Nevertheless, we bear in mind the old adage about Nature abhorring a vacuum, hoping daily to apply that law of physics to the inside of our mailbox. We may even derive some consolation in the special or seasonal mail dumps that predictably make up for long, dry spells. Right now, for instance, I'm experiencing a deluge of mail. But rather than welcoming it, I feel like running for cover.
Not that I the storm surge comes as a surprise. Combine the end of a rambunctious presidential campaign with the usual enrollment period for Medicare plans, and the expectation is that seniors' mailboxes will be stuffed. If I'm not everybody's favorite year round, at least I'm being romanced by politicians and insurers climbing through a narrow autumnal window. Obviously, these solicitors want me to want them — and that's not such a bad feeling, even if I'm not blind to the underlying motive.
Anyway, advertising — sometimes unflatteringly referred to as junk mail — is what keeps our postal service barely afloat. Whether we use it or not, the US Post Office gets an annual $18 billion gift from taxpayers, despite its having spent a considerable part of its history in the red. The worst calamity occurred fourteen years ago when the USPD lost a whopping $159 billion dollars.
Former Treasury undersecretary Robert Shapiro — not the defense lawyer for O.J. Simpson — estimates that the subsidies and legal monopolies bestowed on the USPS by Congress are worth $18 billion a year. One of the preferential laws prohibits any other shipping service from delivering mail and packages directly to residential and business mailboxes.

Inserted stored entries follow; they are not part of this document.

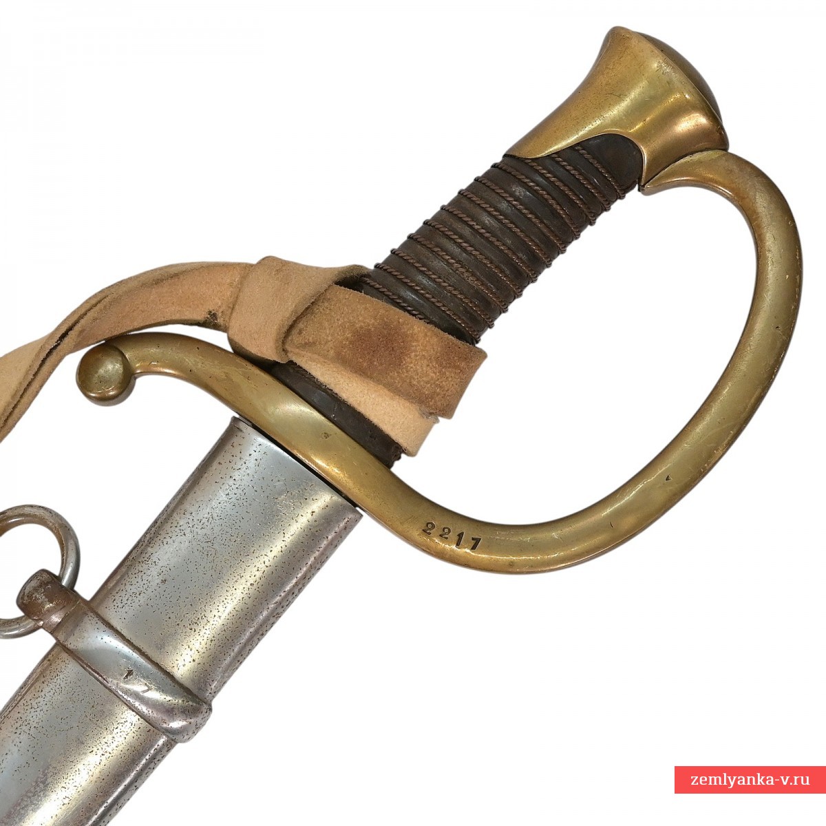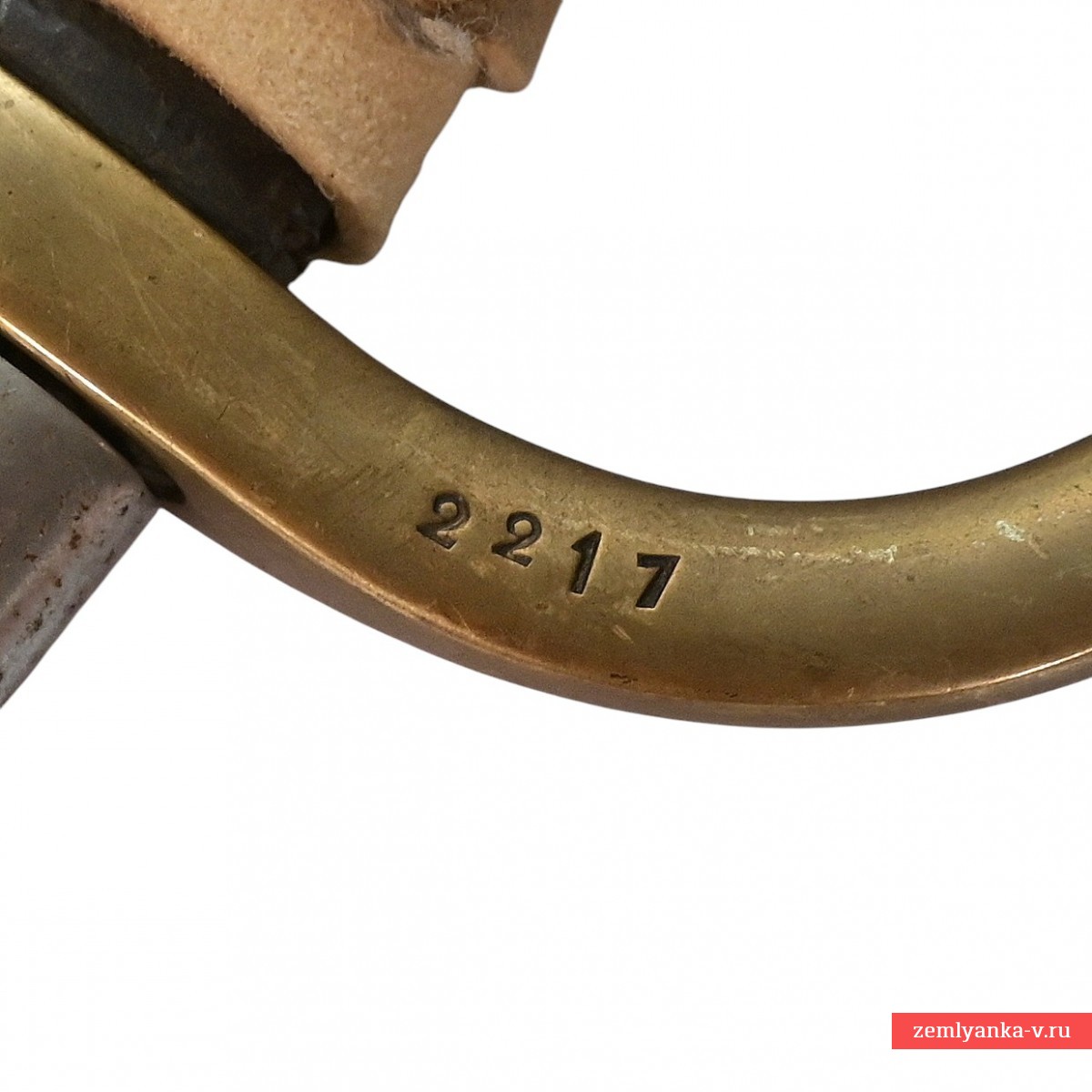 Эфес состоит из рукояти и гарды. Рукоять деревянная, обтянутая кожей, по поперечным желобкам перевита кручёной латунной проволокой. Навершие латунное, овальной формы, сверху расклёпан хвостовик. Гарда латунная с одной защитной дужкой, которая плавно переходит в крестовину. Дальний конец крестовины округлый и загнут по направлению к обуху клинка. На дужке гарды пробит номер оружия 2217. Гарда укомплектована оригинальным кожаным темляком.
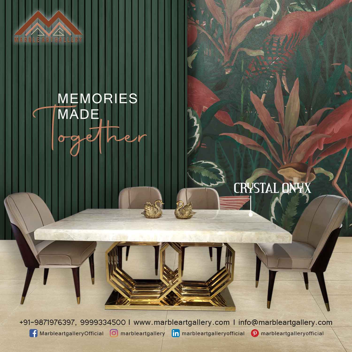 Unforgettable moments await at our dining table adorned with exquisite crystal onyx.
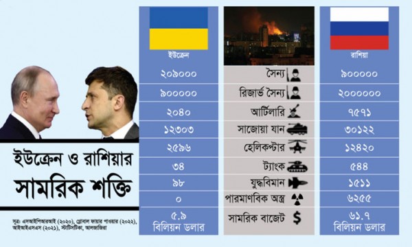 ইউক্রেন ও রাশিয়ার সামরিক শক্তি। ছবিঃ ডেইলি স্টার
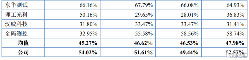 报告期内,公司的主营业务毛利率分别为52.57%、49.44%、51.61%和54.02%,呈现先降后升的态势,低于可比公司东华测试,高于汉威科技。
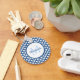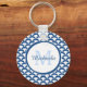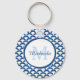 Give your style a modern edge with this graphic blue and white fish scale scallop pattern basic keychain that you can personalize by adding your name and monogram initial to. This trendy geometric shell pattern design is bold, yet stylish.
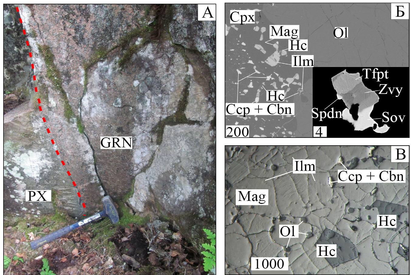 Рис. 2. (А) Фотография обнажения резкого контакта (выделено красным пунктиром) ксенолита гранулитов (GRN) и закаленных клинопироксенитов (PX) массива Железный. Длина кувалды 40 см. (Б) BSE-изображение минерализованного оливинового пироксенита, содержащего минералы платиновых металлов (на врезке). (В) Микрофотография титаномагнетитовой руды Колвицкого месторождения в отраженном свете. Масштабные линии – в мкм. Ссp – халькопирит, Cbn – кубанит, Cpx – клинопироксен, Hc – герцинит, Ilm – ильменит, Mag – магнетит, Ol – оливин, Sov – соболевскит, Spdn – станнопалладинит, Tfpt – тетраферроплатина, Zvy – звягинцевит.
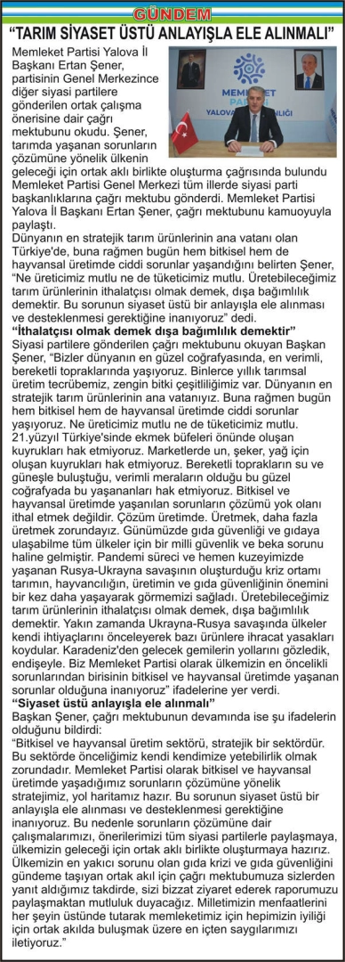 Memleket Partisi Yalova İl Başkanı Ertan Şener, partisinin Genel Merkezince diğer siyasi partilere gönderilen ortak çalışma önerisine dair çağrı mektubunu okudu. Şener, tarımda yaşanan sorunların çözümüne yönelik ülkenin geleceği için ortak aklı birlikte oluşturma çağrısında bulundu
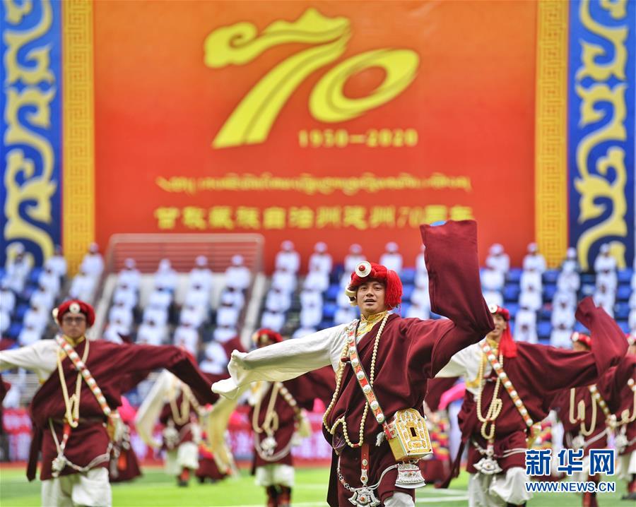 9月17日,群众在甘孜藏族自治州成立70周年庆祝大会上进行文艺演出。 当日,四川甘孜藏族自治州成立70周年庆祝大会在康定市举行。各地群众身着缤纷多彩的民族服饰,载歌载舞,共庆建州70周年。 (新华社记者 刘坤 摄)
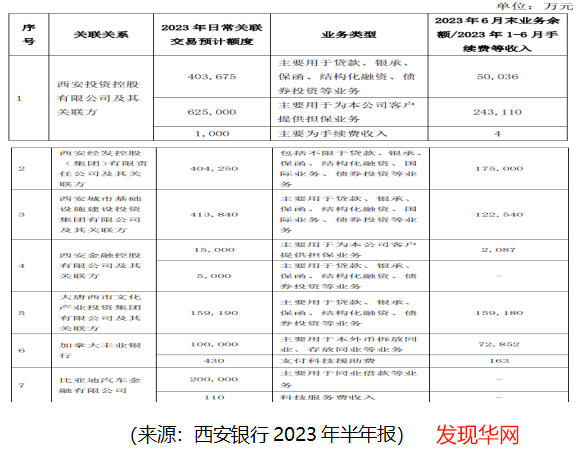 根据其2023年半年报资料显示,西安银行向大唐西市及其关联公司用于贷款、银承、保函、结构化融资、债券投资等业务关联交易约15.9亿元。
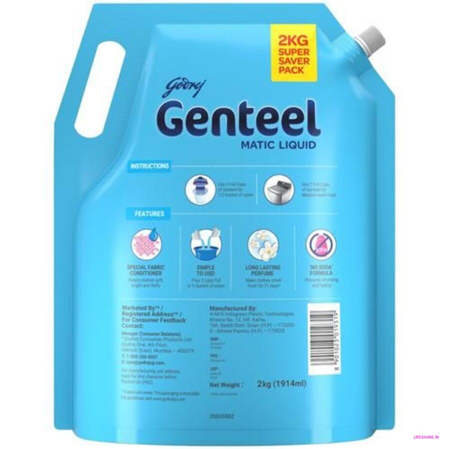 Genteel Matic Liquid Detergent is a specially formulated washing solution designed to care for your clothes while delivering superior cleaning. Enriched with fabric conditioners, it not only removes tough stains effectively but also keeps your garments soft, fresh, and long-lasting. Its gentle liquid formula dissolves easily in water, preventing residue and protecting fabric fibers, making it ideal for both front-load and top-load washing machines. Suitable for all types of clothes, from everyday wear to delicate fabrics, Genteel Matic ensures your laundry is bright, clean, and pleasantly fragrant after every wash.
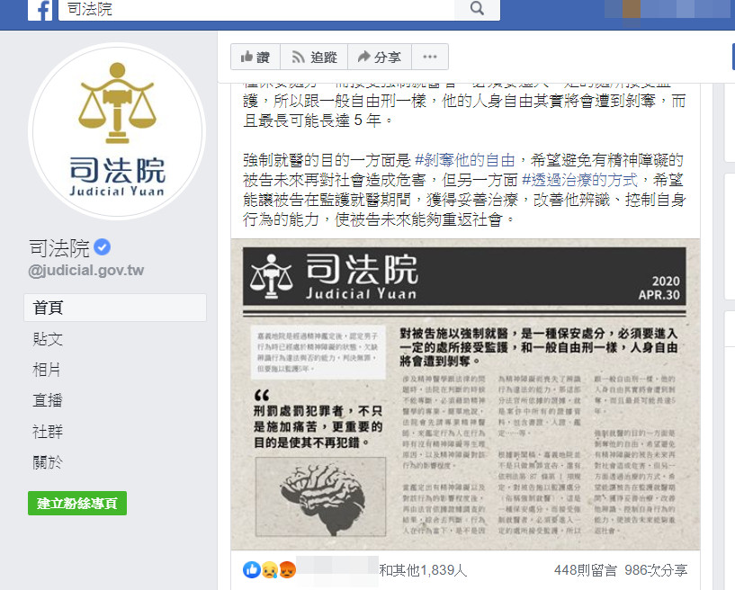 司法院在臉書PO文指出,刑法的重要目的是使犯罪者不再犯錯,或對潛在犯罪人產生警惕,但行為人因精神障礙無法辨識行為時,處罰是無法預防對方未來不再犯錯。
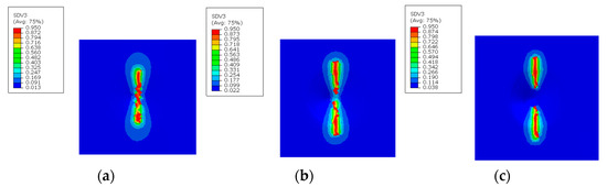 After obtaining the residual stress–strain field, the initial impact damage was calculated using Lemaitre’s elastic–plastic damage evolution equation, and the maximum initial impact damage for different impact pit depths is listed in Table 7.
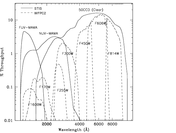 In Figure 5.6 above, we show the throughput (where the throughput is defined as the end-to-end effective area divided by the geometric area of a filled, unobstructed, 2.4 meter aperture) of the three STIS clear imaging modes, with the CCD, the NUV-MAMA, and the FUV-MAMA. Superposed on this plot, we show the broadband WFPC2 throughputs. In Figure 5.7, Figure 5.8, and Figure 5.9, we show the throughputs of the full set of available filters for the CCD, the NUV-MAMA, and the FUV-MAMA, respectively.
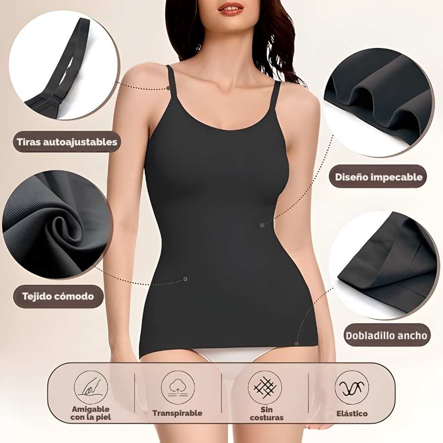 Para nada. El TopSlim Strappy tiene tecnología sin costuras y está hecho con tela ultrafina pero resistente que es completamente invisible bajo cualquier prenda. Puedes usarla con blusas ajustadas, vestidos pegados, camisetas blancas o lo que quieras, y nadie va a notar que la traes puesta. Solo van a notar lo espectacular que te ves.
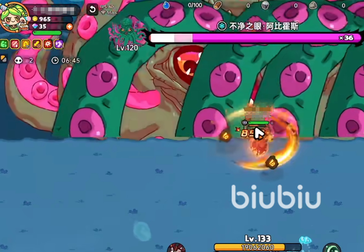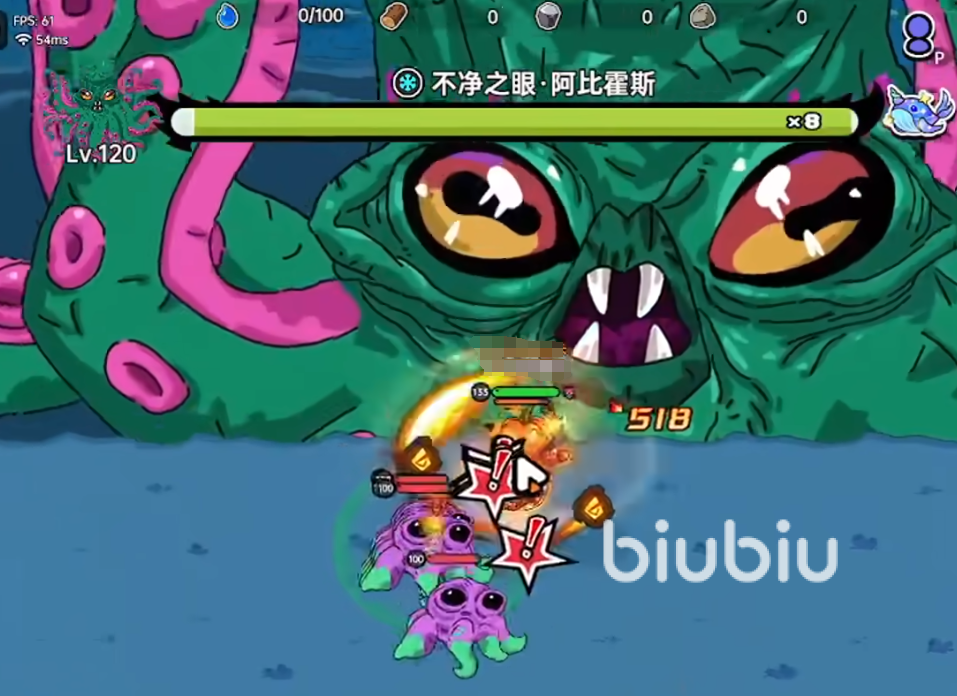 打章鱼过程中要需要注意的是,时刻留意体力值,及时通过底下珊瑚补充体力。还有的是章鱼在喷墨汁之前会有一段小前摇,如果接了技能避免误伤到队友。被章鱼伸出触手抓住以后可以通过及时的攻击进行回血。被触手抓住会持续控制一段时间才松开,期间赋予沉默与不可移动,如果玩家在10000血左右可硬抗。其余关于boss的技能并不难躲,它放出技能的同时,地面会有对应的红圈标志,玩家注意提示闪躲即可。使用防御类技能可以减免来自阿比霍斯的伤害,尤其是在它释放范围伤害技能时,确保有足够的坦度防止被秒。
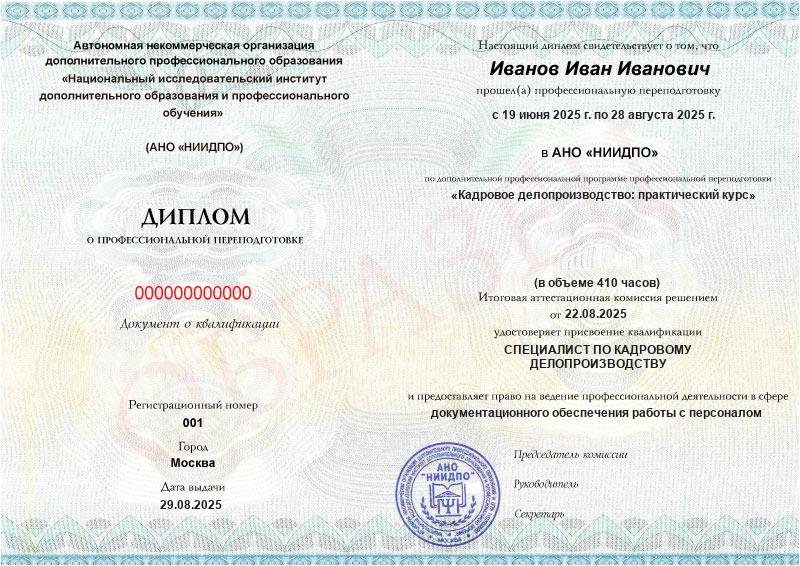 Да, документы оформляются на бланках с защитой от подделок, заполняются на русском языке, в них ставится печать АНО «НИИДПО».
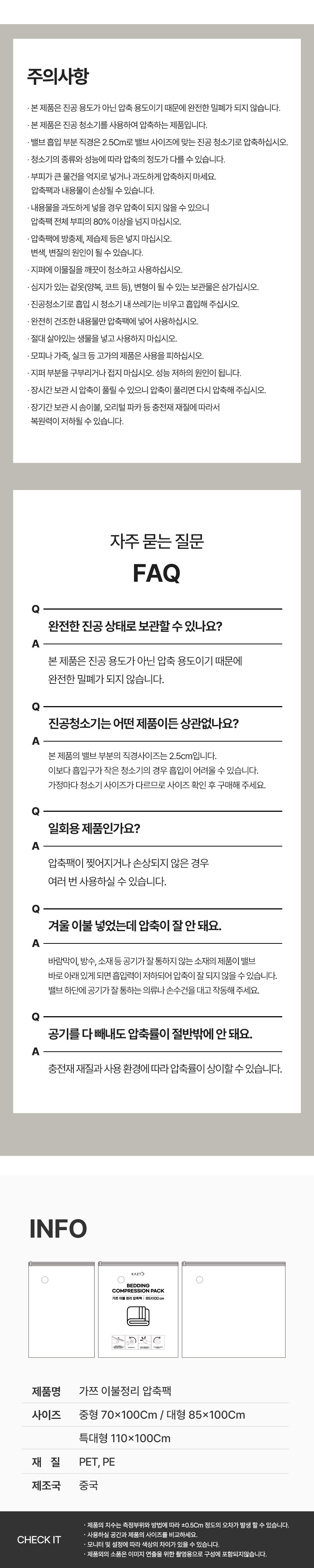 이불정리 압축팩 4팩 70X100
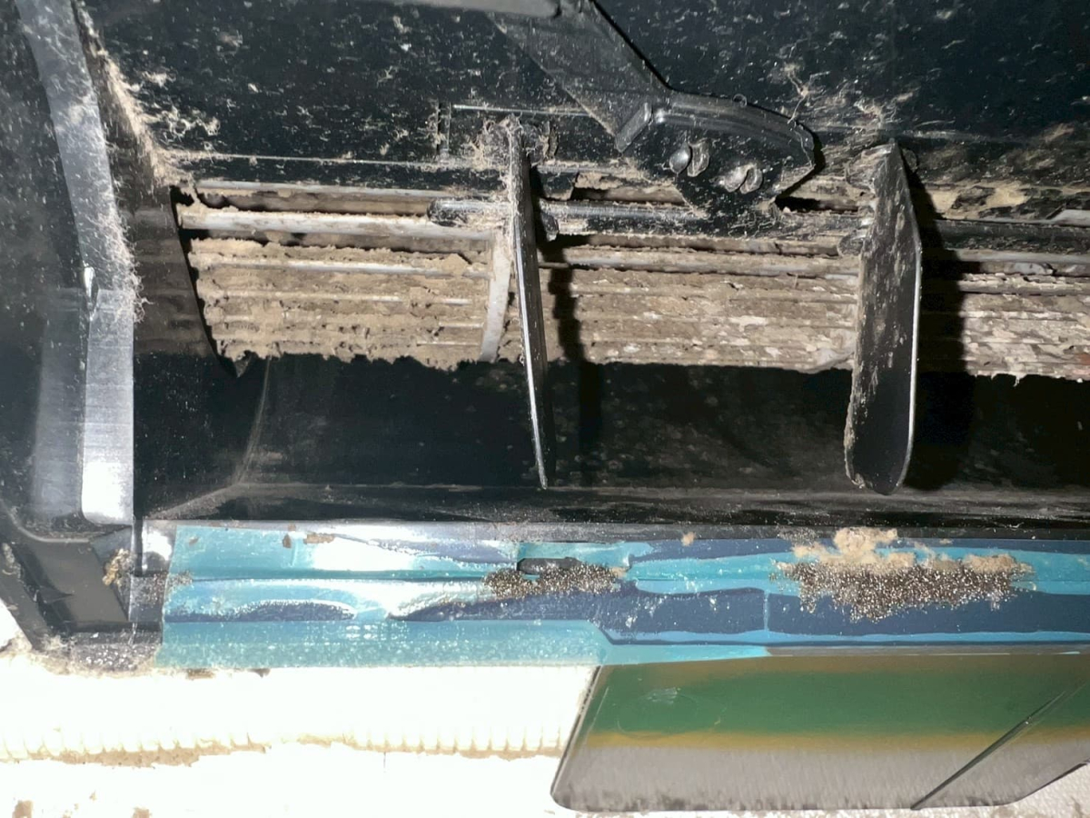 ワンちゃんがいらっしゃるのもあり、毛などが吸い込まれて余計に汚れてしまっていますね。

The organization also enjoys certain tax and borrowing rate breaks, along with exemptions that save it over another $2 billion annually. And the salaries and benefits of postal workers are far above the rates paid to similar workers in the private sector. Overall, the USPS's monopolistic position places an economic burden on others. If it were subjected to the same competitive pressures as private firms, the cost of postage, for example, would be cheaper for those of us who still use it.
A glimmer of good news is that the balance sheet of the USPS seems to be improving slightly, due to the fact that packages cannot be sent by e-mail. Still, more and more customers are opting for private operators like Fed Ex and UPS.
If there were any chance of doing away with public mail service altogether, seniors — despite their disappointing yields — might be the first and the loudest to protest. A while back I heard from a college classmate in Connecticut, who had just plucked from her mailbox the latest edition of our college magazine. In anticipation, I immediately took the elevator six floors down to the phalanx of mailboxes in the foyer of my apartment complex, only to find that my copy had not yet made its way across the continent.
In the recesses of my mailbox, however, I found two letters. One was from the Neptune Society, and the other from Forest Lawn Cemetery, which is not all that far from where I live. They both wanted my business, even though they had to get it over my dead body. At least the politicians and insurance brokers have an interest in my survival — if only long enough for me to cast my vote or sign on the dotted line.